Teeth, and particularly children’s exfoliated teeth, hold a special significance in human cultures13, as evidenced by the variety and popularity of global traditions surrounding their disposal (meaning parting with or doing something specific with the exfoliated tooth). Yet, little attention has been paid in the scientific literature towards documenting these cultural practices, even though they likely impact pediatric dental care and the engagement of children and families in research studies involving exfoliated teeth. For example, of 123 articles identified in a recent PubMed search designed to capture a broad swath of the research literature (e.g., the search comprised hundreds of keywords such as tooth, teeth, natal, deciduous tooth, dental health, neuropsychiatric disorders, biobanking, childhood adversity, and more), only 11 articles described how teeth were collected, even in the most general terms. To the best of the authors’ knowledge, few empirical studies mention how or if cultural knowledge, attitudes, and beliefs were considered or incorporated into their study protocol as part of the process of collecting teeth. Studies instead only vaguely noted procedures such as “mothers were asked to provide their child’s naturally shed deciduous teeth”14. Lack of awareness on the significance of tooth loss and cultural diversity in disposal traditions may impede researchers’ ability to ethically collect teeth, particularly from diverse populations. Because teeth are unique biospecimens, researchers need to be aware of the meaning and traditions attached to them to ensure respect for teeth and the participants who donate them to science. With such insights, researchers can better understand the perspectives and experiences of tooth donating research participants, and tailor recruitment, engagement, and general communication strategies to meet them where they are. In particular, understanding the significance people attach to exfoliated teeth can help ensure research processes reflect and respect the perspectives of diverse populations and cultures15.

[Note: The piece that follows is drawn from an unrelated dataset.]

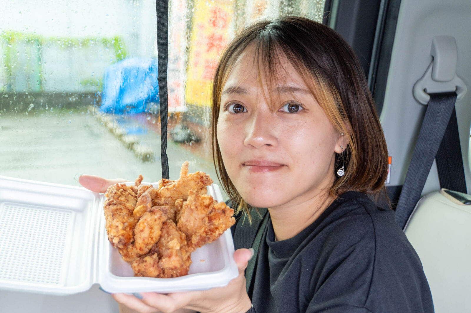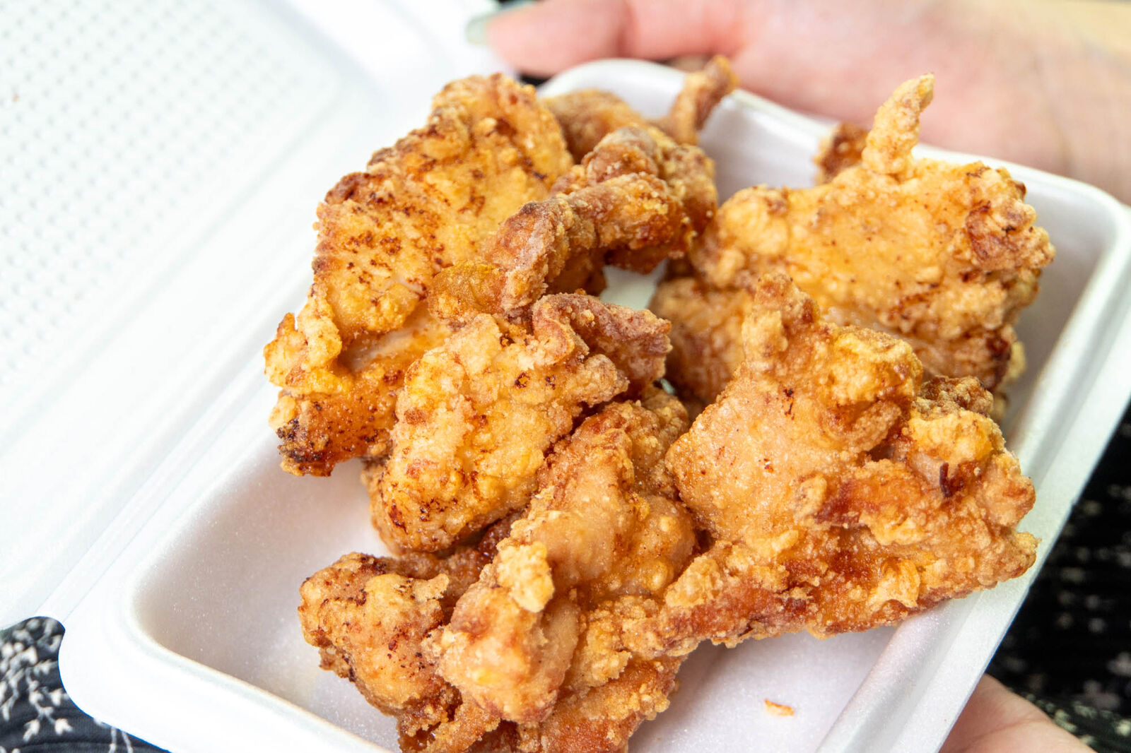 「一個がとにかく大きくて驚き!私はむね肉をいただきましたが、あっさりとした肉に対して、衣にはしっかりと醤油とニンニクが効いていて、パンチのある味わい。お腹が空いているときにぴったりで、ご飯と一緒に食べたくなる満足感たっぷりのからあげ!」

The aim of the present study was to improve researchers’ cultural competence when collecting exfoliated teeth by synthesizing information on the wide variety of cultural attitudes, perspectives, and traditions that accompany the natural shedding and disposal of primary teeth. A secondary aim was to explore the ethics of collecting exfoliated teeth and provide insight into how researchers’ understanding of tooth disposal traditions can further demonstrate respect for participants when collecting exfoliated teeth. In this qualitative systematic review, published historical records and practices related to global tooth disposal traditions were examined. To give readers an appreciation for the diversity of tooth disposal practices, notable characters associated with tooth loss as well as similarities and differences in the prevalence of these characters among countries are highlighted. A typology of tooth disposal traditions is also provided, which scientists can use as a starting point to understand some differences that exist across cultural groups. This paper builds on a recent perspective article16 exploring the meaning and significance of tooth disposal traditions for children and families as it relates to dental clinicians. To the best of the authors’ knowledge, this is the first systematic qualitative review of the literature regarding primary tooth disposal traditions.
Methods
Literature Search Strategy
The following databases for publications relevant to this review were searched: PubMed, Google Scholar, AnthroSource, Anthropological Literature, EHRAF World Cultures, and Anthropology Plus. Each database was searched to identify articles published from inception to December 2, 2021, with the same keywords and Boolean operators: (teeth OR tooth) AND (customs OR rituals OR traditions OR folklore OR disposal) AND (child OR children OR baby OR children’s OR primary OR deciduous OR exfoliated).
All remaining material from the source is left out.